According to the documents submitted by Elliott, both IP and Chapman secured exclusive timber-harvesting agreements for Conecuh County timber during the time Elliott was employed by them. The primary purpose of the plywood-manufacturing plant operated by IP and then Chapman was to produce a plywood product made from a wood supply, and the documents recorded by IP in the Conecuh Probate Court to secure the 10- and 20-year exclusive-supply agreements is indicative of doing business in Conecuh County. An exclusive right to buy timber from landowners in order to have an adequate supply to make plywood for 10 and 20 years is clearly part of the “business function” of making wood products and one that would be exercised with “some regularity.” IP’s suggestion that such long-term contracts constitute an “isolated transaction” ignores the business reality that a 10- and 20-year exclusive right to timber harvested in Conecuh County establishes that all other companies are eliminated from harvesting timber — i.e., doing business — on that particular Conecuh County land.

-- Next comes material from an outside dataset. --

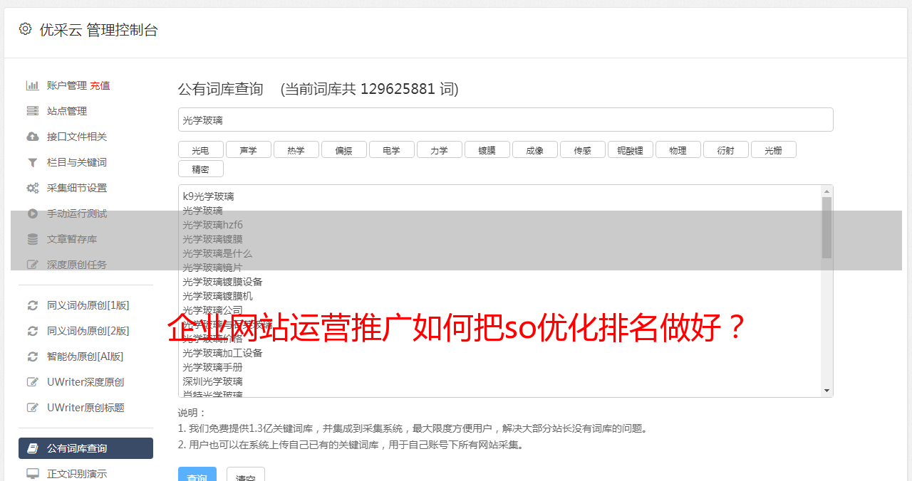 对于优化,其实是主动的诉求。产品优化是针对企业的有效营销手段。产品曝光促进企业品牌建设。好的优化可以很快让企业看到好的效果,优化品牌本身的建立。助力公司网络营销,帮助调整so与搜索引擎的各种关系,不断加强优化,树立公益互联网环保品牌。这让更多人了解搜索引擎优化和搜索引擎营销。

This case is analogous to Ex parte Scott Bridge Co., 834 So.2d 79 (Ala.2002). In Scott Bridge, a former employee who lived in Chambers County filed a retaliatory-discharge action in Chambers County against Scott Bridge, a bridge-building company headquartered in Lee County. Scott Bridge moved to dismiss or, in the alternative, to transfer the case to Lee County, claiming that venue in Chambers *914County was improper because it did not do business in Chambers County in that it had never constructed a bridge there. The evidence showed that Scott Bridge had purchased from vendors in Chambers County in excess of $50,000 worth of supplies necessary for building bridges; this Court held that that constituted doing business in Chambers County. Based on this Court’s reasoning in Scott Bridge, we conclude that, because the timber-supply agreements gave IP and Chapman the exclusive rights to timber on land in Conecuh County, because the agreements were recorded in the Conecuh Probate Court, and because the purpose of the agreements was to fulfill IP’s and Chapman’s principal corporate function of manufacturing plywood products, IP and Chapman were doing business in Conecuh County.

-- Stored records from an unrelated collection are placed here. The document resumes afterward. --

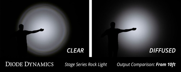 FeaturesReplacement lens for Stage Series Rock LightThick automotive-grade polycarbonateOptical features engineered to spread lightAllows for quick color swapAvailable in Clear Red Amber Blue and GreenOverview. This lens is a direct replacement for the original main lens in your Stage Series LED Rock Lights. It can be used to change both the color and output pattern with a quick swap! Each lens is made of a thick automotive-grade polycarbonate designed to take a beating on the trail.Optically Engineered. Most rock lights are built without optics in mind. They use a simple clear cover to protect from the elements. In true Diode Dynamics style we(TM) ve incorporated optical features to get the best performance possible. Four individual optics are molded into the outer lens which provides excellent spread and even consistent coverage from each light.Colors. Stage Series LED Rock Light lenses are available in clear and diffused options producing a white amber red green or blue color. You can change the color of your single-color rock lights by swapping out the lens.Easy Swap. Changing the outer lens on your Stage Series LED Rock Light takes just a few seconds! Simply snap it off using a small screwdriver and snap your new lens in its place. Take care not to touch the inner optical surface of your new lens during the swap or wear a pair of gloves to keep things clean and you are ready to shine in your new color!
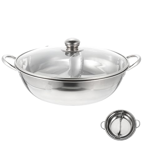 GARVALON Thickened Stainless Steel Shabu Hot Pot with Divider and Tempered Glass Lid for Induction Cooktop Cooking Pot for Family and Party Use
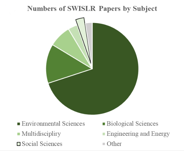 Figure 2. Proportion of subjects from the initial search of 3,056 SWISLR focused papers. The subjects analyzed further for SWISLR social science papers are in orange.
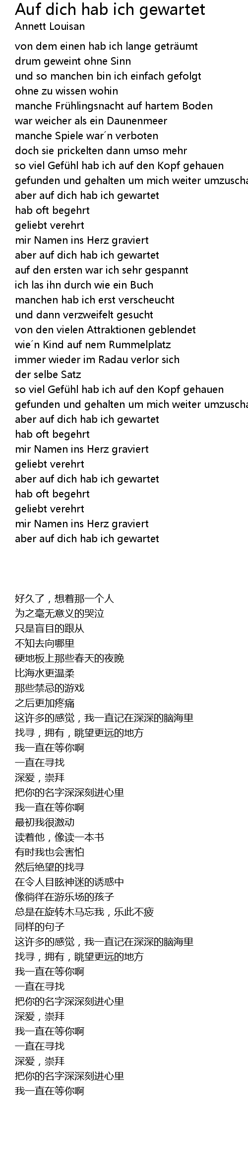 | [02:16.92] | aber auf dich hab ich gewartet |

In order to be entitled to the writs of mandamus issued by the Court of Civil Appeals, IP and Chapman had the burden of showing that they had a clear legal right to the relief they requested. A writ of mandamus should not have been granted unless they made a clear showing of error on the part of the trial court. Ex parte Greenetrack, Inc., 25 So.3d 449 (Ala.2009). They did not do so. The trial court correctly denied their motions to transfer this case to Butler County; therefore, the Court of Civil Appeals should not have issued the writs directing that transfer.
IV. Conclusion
Elliott’s petitions for the writ of mandamus are granted; the Court of Civil Appeals is directed to quash the writs of mandamus it issued on December 30, 2010, in Ex parte International Paper Co., 80 So.3d 903, requiring the Conecuh Circuit Court to transfer the case to Butler County-
1100479 — PETITION GRANTED; WRIT ISSUED.
1100497 — PETITION GRANTED; WRIT ISSUED.
MALONE, C.J., and STUART, PARKER, and WISE, JJ., concur.
WOODALL, J., concurs in the result.
BOLIN, MURDOCK, and SHAW, JJ., dissent.

. Chapman also contended in the trial court that even if venue was proper in Conecuh County, the case should be transferred to Butler County pursuant to the doctrine of forum non conveniens, § 6-3-21.1, Ala.Code 1975. However, Chapman did not rely upon the doctrine of forum non conveniens in seeking mandamus relief in the Court of Civil Appeals, and it does not do so in this Court.